# Ziwipeak sample arrived



## SkyAtBlue (Jul 25, 2010)

The sample pack I asked for came. It was very fast and great customer service. They sent the vension package. The only problem is that my guys won't eat it. I thought my boy would gobble it down, but when I put the dish down he smelt it, and then stuck his head on top of it and started rolling in it. It was like his reaction when he rolls in dead animals. It quite funny though. Did anyone else pup not want to eat the food at first?


----------



## 20887 (Mar 16, 2011)

SkyAtBlue said:


> The sample pack I asked for came. It was very fast and great customer service. They sent the vension package. The only problem is that my guys won't eat it. I thought my boy would gobble it down, but when I put the dish down he smelt it, and then stuck his head on top of it and started rolling in it. It was like his reaction when he rolls in dead animals. It quite funny though. Did anyone else pup not want to eat the food at first?


Lion tried to roll in the ZiwiPeak canned food the first time I offered it to him. I guess it means that the food smells good to them!


----------



## woodard2009 (Aug 4, 2010)

You could try adding a little water to the ZP. I would leave it down for a while. See if they eat it.


----------



## LittleGemma (Apr 1, 2012)

Gemma wouldn't eat ZP even after eating almost nothing for 3 days straight.
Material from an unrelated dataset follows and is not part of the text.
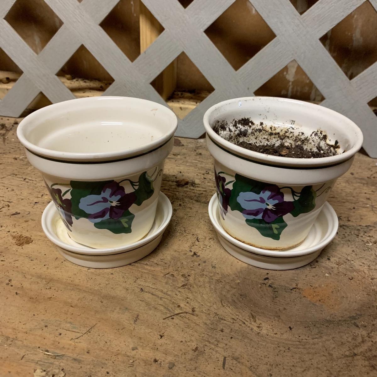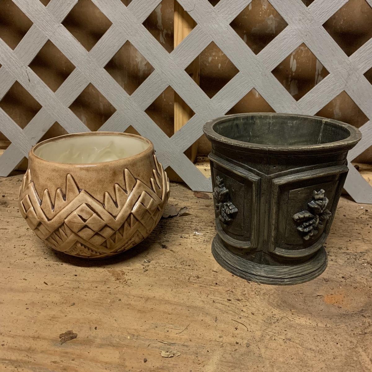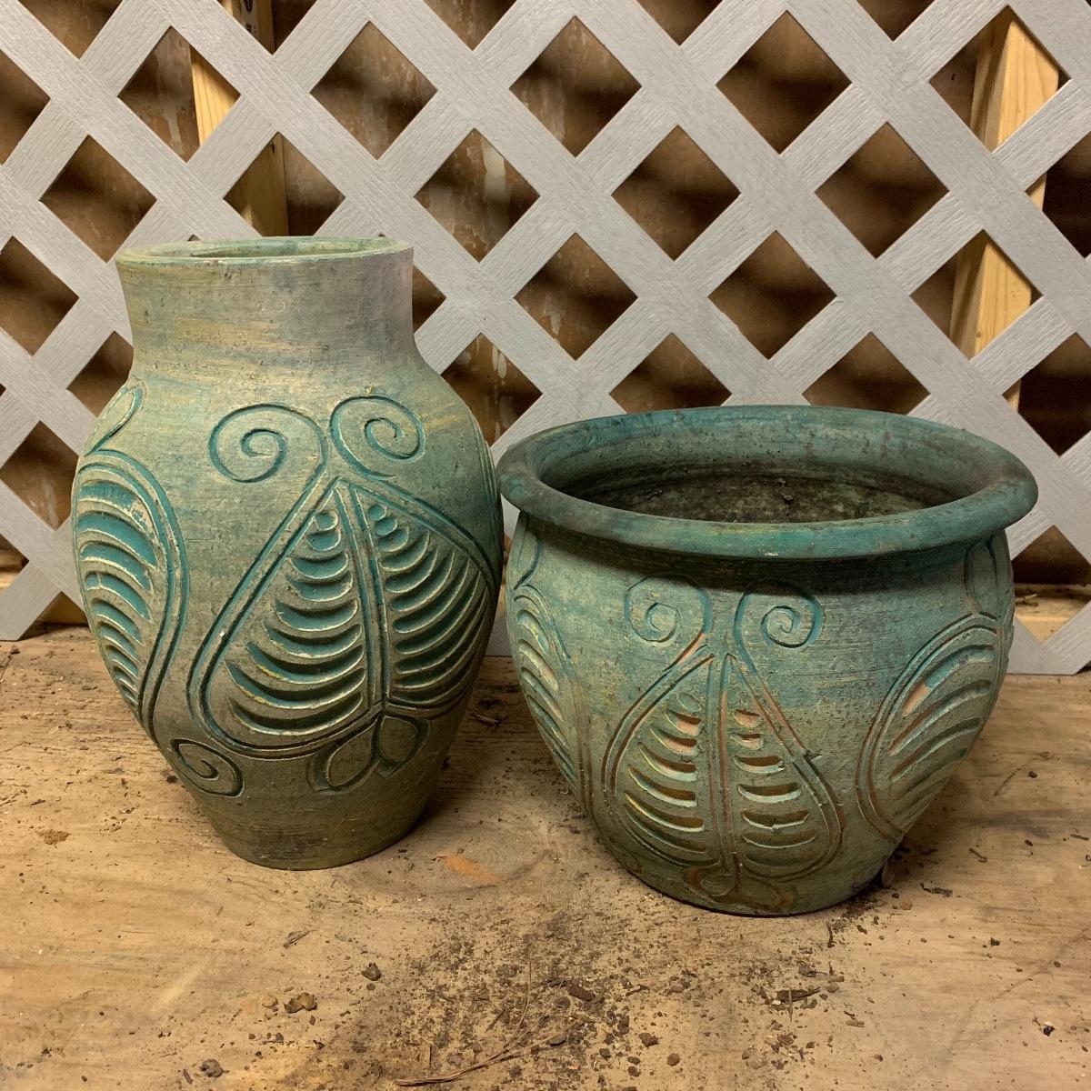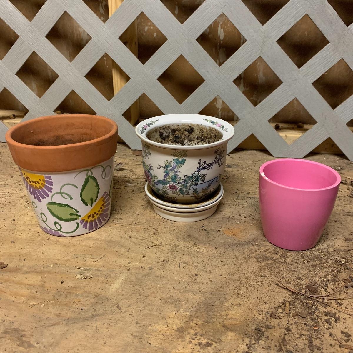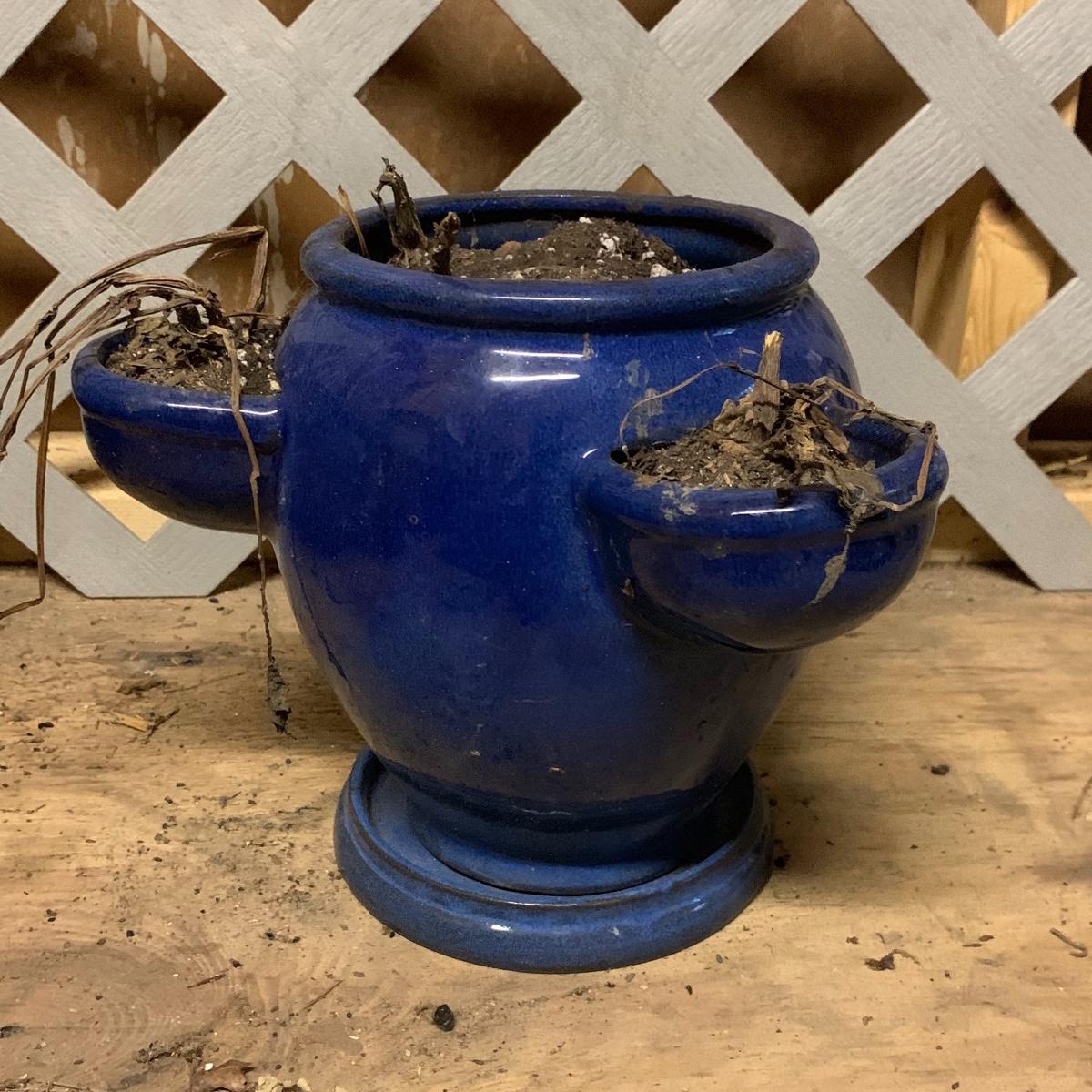 In this lot you’ll find a fun variety of planters of various shapes, sizes, and colors. There are a few larger pots including an attractive cobalt blue strawberry pot, some medium sized, and some smaller pots. There are urns, terracotta pots, some globe-shaped pots, and more. The majority are ceramic, except for the group seen in the last picture which are all plastic. Many saucers are included as well. The tall turquoise pot in the cover photo is 15” tall. Local pickup only.

I was trying to make her eat it, but since she's on the thin side already and I didn't want to chance her losing weight and getting sick, I switched her back to her Acana. I tried moistening the ZP, breaking it up, grinding it through the blender and turning it into crumbs, mixing the crumbs into wet ZP (she loves wet ZP), and letting it soak in water/wet ZP overnight, but she would just not eat it. Whenever I try to offer her a piece, she just tries to bury it. If she puts any in her mouth, she spits it out. Guess she's just one of the weird few who does not like ZP.


----------



## SkyAtBlue (Jul 25, 2010)

Thanks guys. This morning for breakfest I tried both ways mentioned, grinding it and watering it down. I think I'm going to try the lamb formula hopefully with better luck. Not giving up yet!


----------



## Onyx (Nov 28, 2011)

My Chi, Onyx, is the most picky dog I know but she did like Ziwipeak. My dog will literally kill herself to hold out. The whole "no healthy dog will starve itself" does not apply to my dog. Onyx went over a week without eating once when I tried to feed her kibble, until I gave in. The only two brands in the world (I've literally tried about 100, no exaggeration) that she will eat is Ziwipeak and Orijen Regional Red.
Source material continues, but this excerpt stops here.